Task instructions: Leave the pictures out. Transcribe exactly every line from the start of the records through the one containing "the shell fossils.".

Extracted data entries:
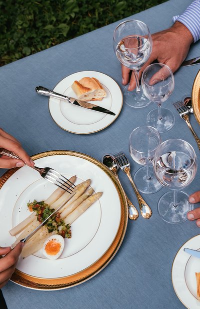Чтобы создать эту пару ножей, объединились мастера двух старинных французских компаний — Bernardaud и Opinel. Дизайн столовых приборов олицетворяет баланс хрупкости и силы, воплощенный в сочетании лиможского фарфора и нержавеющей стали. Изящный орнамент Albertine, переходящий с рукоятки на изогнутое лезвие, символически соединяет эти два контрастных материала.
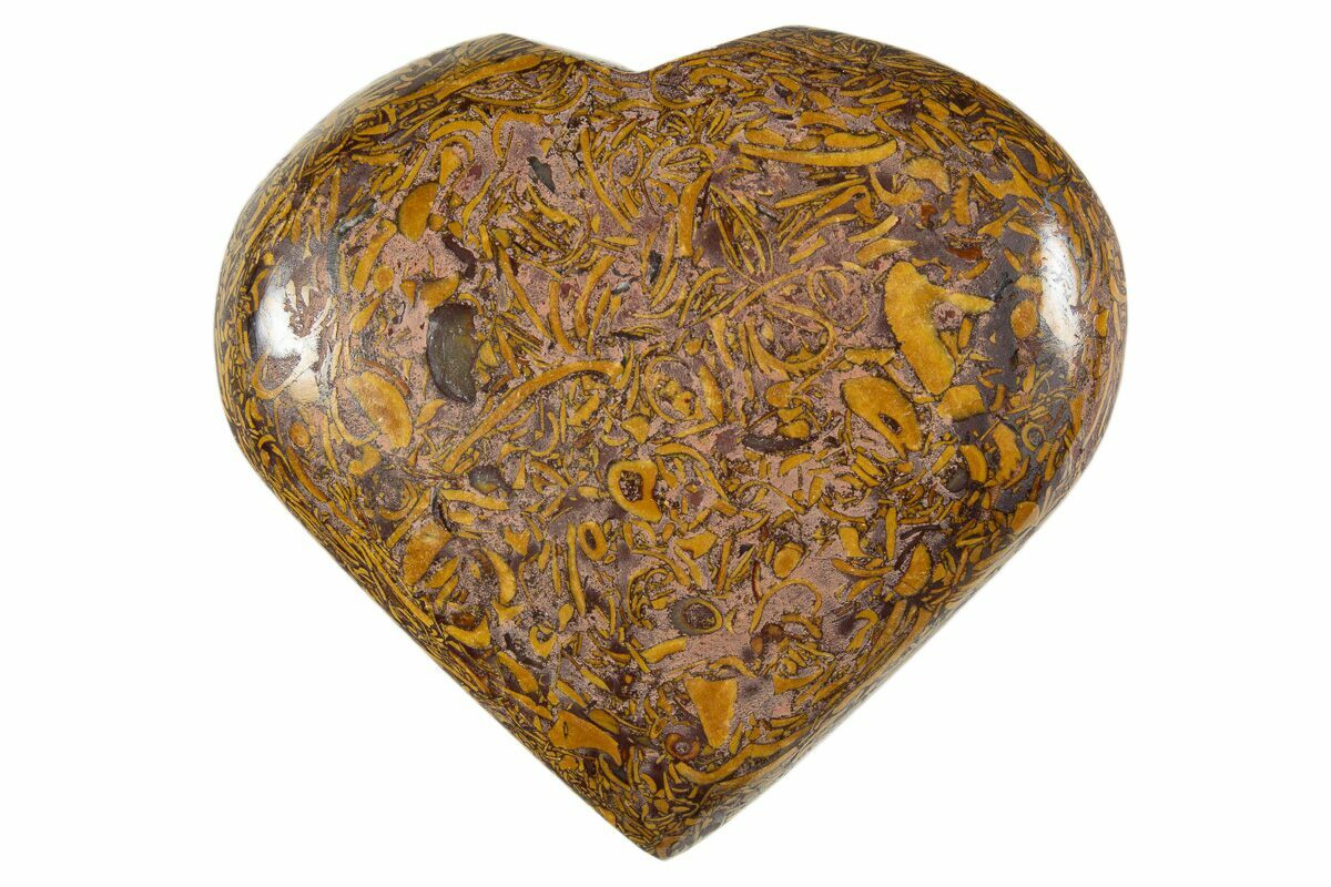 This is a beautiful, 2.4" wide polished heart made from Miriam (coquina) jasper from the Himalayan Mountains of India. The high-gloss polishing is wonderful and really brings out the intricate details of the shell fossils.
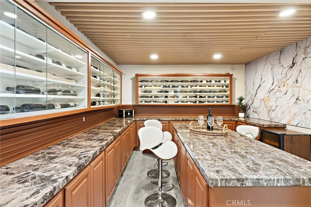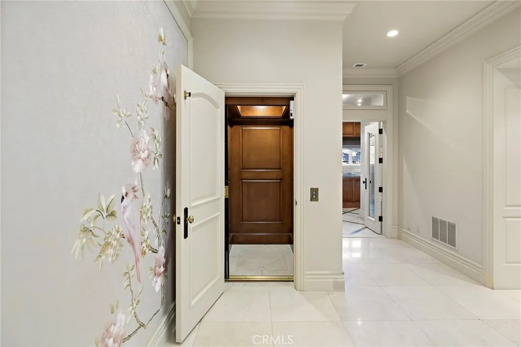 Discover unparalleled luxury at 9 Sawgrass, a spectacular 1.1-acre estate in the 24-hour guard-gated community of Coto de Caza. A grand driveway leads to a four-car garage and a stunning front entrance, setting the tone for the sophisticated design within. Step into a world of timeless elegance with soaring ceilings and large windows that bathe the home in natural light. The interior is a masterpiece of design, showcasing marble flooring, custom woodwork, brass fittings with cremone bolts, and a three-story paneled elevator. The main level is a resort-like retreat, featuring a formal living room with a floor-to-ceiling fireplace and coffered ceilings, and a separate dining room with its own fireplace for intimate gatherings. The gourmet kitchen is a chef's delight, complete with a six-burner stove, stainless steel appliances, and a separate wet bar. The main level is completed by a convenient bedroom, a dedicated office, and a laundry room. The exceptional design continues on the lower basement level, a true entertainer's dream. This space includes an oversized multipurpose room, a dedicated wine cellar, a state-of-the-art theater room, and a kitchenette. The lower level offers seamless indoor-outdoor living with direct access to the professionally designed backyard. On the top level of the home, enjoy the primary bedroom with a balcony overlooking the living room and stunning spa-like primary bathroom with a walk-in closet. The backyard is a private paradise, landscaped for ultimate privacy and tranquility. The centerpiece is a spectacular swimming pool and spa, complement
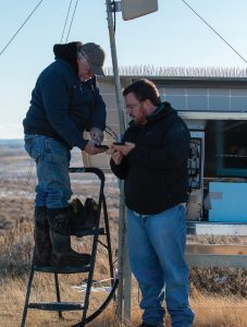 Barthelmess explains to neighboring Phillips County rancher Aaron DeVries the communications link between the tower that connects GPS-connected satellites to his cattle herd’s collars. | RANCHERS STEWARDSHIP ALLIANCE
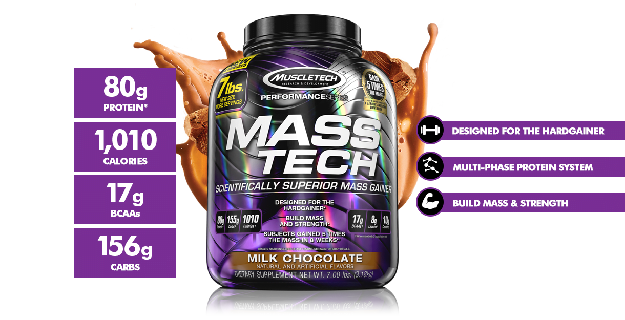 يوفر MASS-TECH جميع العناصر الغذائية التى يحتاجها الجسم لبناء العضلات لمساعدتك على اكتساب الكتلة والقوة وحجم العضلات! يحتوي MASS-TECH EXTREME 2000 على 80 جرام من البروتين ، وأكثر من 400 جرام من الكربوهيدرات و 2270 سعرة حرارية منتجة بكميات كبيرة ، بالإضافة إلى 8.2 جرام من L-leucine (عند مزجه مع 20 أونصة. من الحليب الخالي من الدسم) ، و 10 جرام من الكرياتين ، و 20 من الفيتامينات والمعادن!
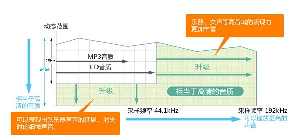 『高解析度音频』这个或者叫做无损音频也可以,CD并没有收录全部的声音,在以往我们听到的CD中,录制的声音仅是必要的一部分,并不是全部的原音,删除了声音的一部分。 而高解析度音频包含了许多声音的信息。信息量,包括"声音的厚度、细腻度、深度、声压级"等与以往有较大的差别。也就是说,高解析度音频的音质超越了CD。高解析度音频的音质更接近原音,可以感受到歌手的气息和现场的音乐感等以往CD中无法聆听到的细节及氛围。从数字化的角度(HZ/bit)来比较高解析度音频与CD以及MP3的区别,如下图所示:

Output for this exercise:
Чтобы создать эту пару ножей, объединились мастера двух старинных французских компаний — Bernardaud и Opinel. Дизайн столовых приборов олицетворяет баланс хрупкости и силы, воплощенный в сочетании лиможского фарфора и нержавеющей стали. Изящный орнамент Albertine, переходящий с рукоятки на изогнутое лезвие, символически соединяет эти два контрастных материала.
 This is a beautiful, 2.4" wide polished heart made from Miriam (coquina) jasper from the Himalayan Mountains of India. The high-gloss polishing is wonderful and really brings out the intricate details of the shell fossils.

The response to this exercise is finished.